▶ **RECORDED DATA**:
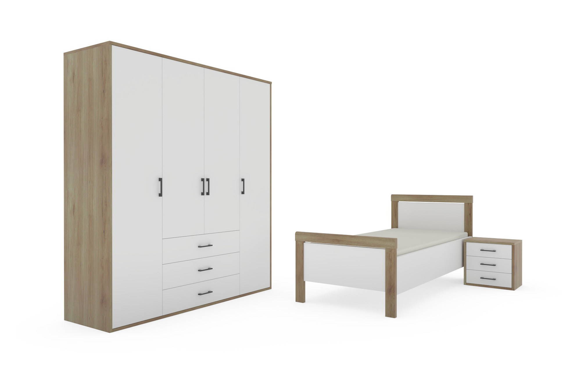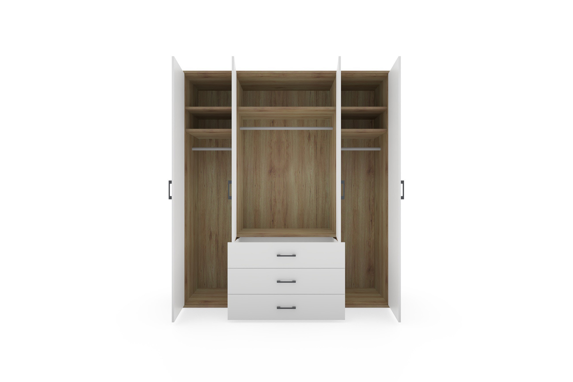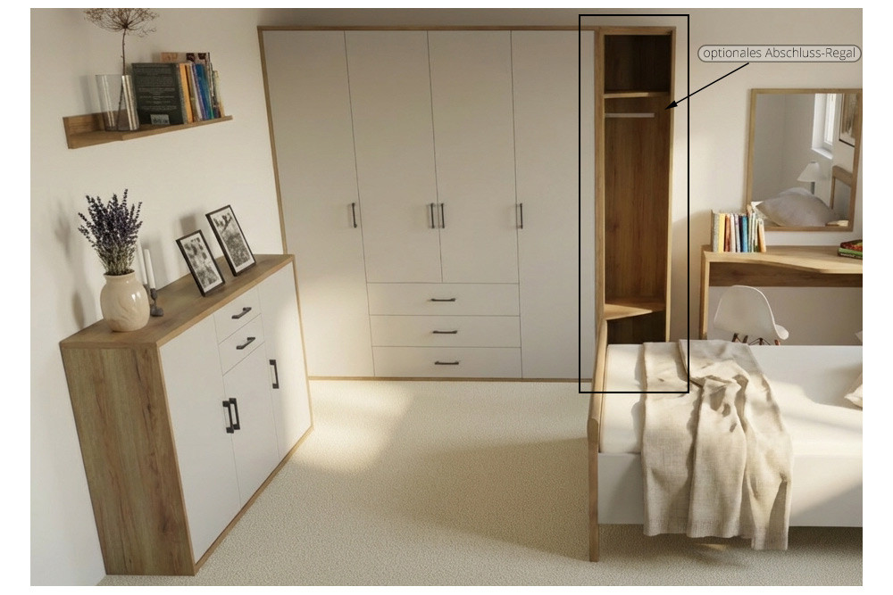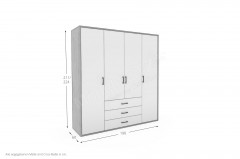 - Kleiderschrank: 4-türig mit 3 Schubkästen
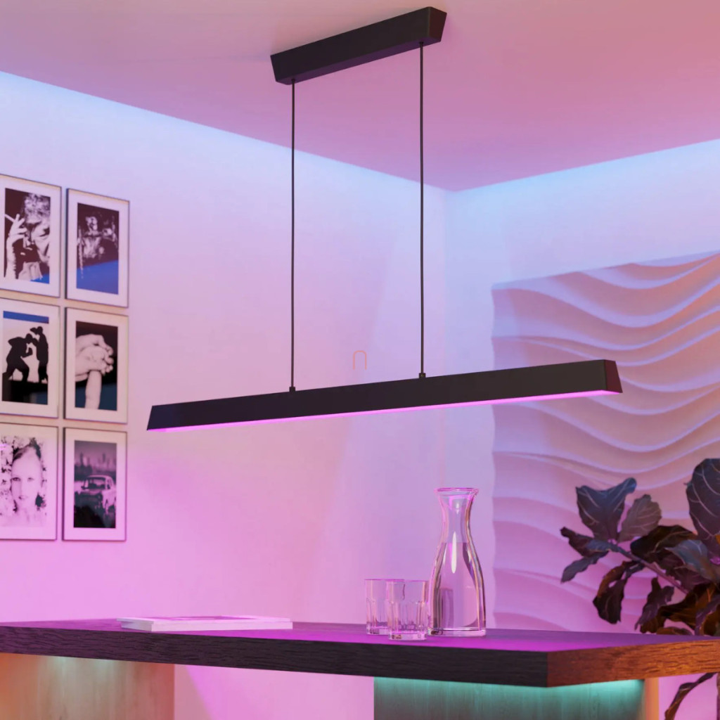 Simolaris RGBW Eglo 99603 este o lampă LED suspendată reglabilă de 35 W, cu un design modern și minimalist, în culori alb și negru. Corp de iluminat oferă un flux luminos de 4200 lumeni, iar sursa sa de lumină este un modul LED integrat care funcționează într-o gamă variabilă de culori albe (2700–6500 K) și RGBW. Luminozitatea și temperatura culorii pot fi controlate prin intermediul unei aplicații sau al unei telecomenzi opționale. Produsul este fabricat din aluminiu și plastic, având dimensiunile de 1220 mm lungime, 55 mm lățime și 1100 mm înălțime. Are protecție IP20, fiind potrivit pentru utilizare în interior. Lampa cântărește 2,56 kg și este fabricată de EGLO.
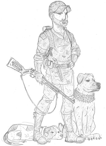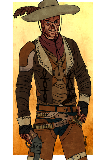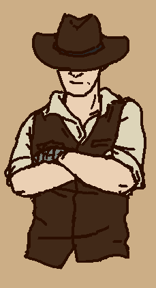 another fallout character...........his nam is Jedediah. aka Jed. cowboy man. hes got his trusty steed, RedBed. cowboy man. killing robots and raiders.
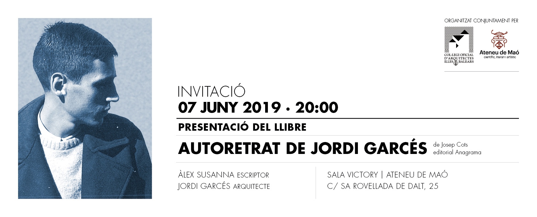 Presentació del llibre “Autoretrat de Jordi Garcés” a càrrec d’Alex Susanna, escriptor i Jordi Garcés, arquitecte. Maó, 07/06/19

▶ **REQUIRED ACTION**:
Please print the span that begins at the line holding "Simolaris RGBW Eglo" and ends at the last line of the data, both ends included, with no pictures.

▶ **FINISHED TASK**:
 Simolaris RGBW Eglo 99603 este o lampă LED suspendată reglabilă de 35 W, cu un design modern și minimalist, în culori alb și negru. Corp de iluminat oferă un flux luminos de 4200 lumeni, iar sursa sa de lumină este un modul LED integrat care funcționează într-o gamă variabilă de culori albe (2700–6500 K) și RGBW. Luminozitatea și temperatura culorii pot fi controlate prin intermediul unei aplicații sau al unei telecomenzi opționale. Produsul este fabricat din aluminiu și plastic, având dimensiunile de 1220 mm lungime, 55 mm lățime și 1100 mm înălțime. Are protecție IP20, fiind potrivit pentru utilizare în interior. Lampa cântărește 2,56 kg și este fabricată de EGLO.
 another fallout character...........his nam is Jedediah. aka Jed. cowboy man. hes got his trusty steed, RedBed. cowboy man. killing robots and raiders.
 Presentació del llibre “Autoretrat de Jordi Garcés” a càrrec d’Alex Susanna, escriptor i Jordi Garcés, arquitecte. Maó, 07/06/19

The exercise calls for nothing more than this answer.